◆ **WORK ORDER**
In the listing below, find the line that contains "Big cat wallpaper" and the line that contains "掀開蓋子,型號是 E7240,開蓋後看起來就有 Latitude". Quote both and every line between them, exactly, and nothing more.

◆ **SUPPLIED ENTRIES**
======

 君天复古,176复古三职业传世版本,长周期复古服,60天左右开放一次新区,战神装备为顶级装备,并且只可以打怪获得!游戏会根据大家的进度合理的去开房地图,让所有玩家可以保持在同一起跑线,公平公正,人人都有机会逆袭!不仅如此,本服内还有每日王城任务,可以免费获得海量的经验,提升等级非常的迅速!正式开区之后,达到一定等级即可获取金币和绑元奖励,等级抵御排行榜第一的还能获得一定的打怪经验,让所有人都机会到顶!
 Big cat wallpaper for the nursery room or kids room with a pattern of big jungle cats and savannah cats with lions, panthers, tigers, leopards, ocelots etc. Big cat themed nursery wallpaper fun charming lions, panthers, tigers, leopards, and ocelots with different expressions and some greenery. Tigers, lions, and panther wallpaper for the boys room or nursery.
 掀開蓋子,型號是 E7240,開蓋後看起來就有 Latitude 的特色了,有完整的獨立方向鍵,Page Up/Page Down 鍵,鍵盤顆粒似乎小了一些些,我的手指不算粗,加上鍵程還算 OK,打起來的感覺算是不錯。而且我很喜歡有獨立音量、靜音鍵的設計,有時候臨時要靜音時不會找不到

======

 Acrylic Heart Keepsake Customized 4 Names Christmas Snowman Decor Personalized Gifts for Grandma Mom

======

◆ **EXERCISE RESPONSE**
 Big cat wallpaper for the nursery room or kids room with a pattern of big jungle cats and savannah cats with lions, panthers, tigers, leopards, ocelots etc. Big cat themed nursery wallpaper fun charming lions, panthers, tigers, leopards, and ocelots with different expressions and some greenery. Tigers, lions, and panther wallpaper for the boys room or nursery.
 掀開蓋子,型號是 E7240,開蓋後看起來就有 Latitude 的特色了,有完整的獨立方向鍵,Page Up/Page Down 鍵,鍵盤顆粒似乎小了一些些,我的手指不算粗,加上鍵程還算 OK,打起來的感覺算是不錯。而且我很喜歡有獨立音量、靜音鍵的設計,有時候臨時要靜音時不會找不到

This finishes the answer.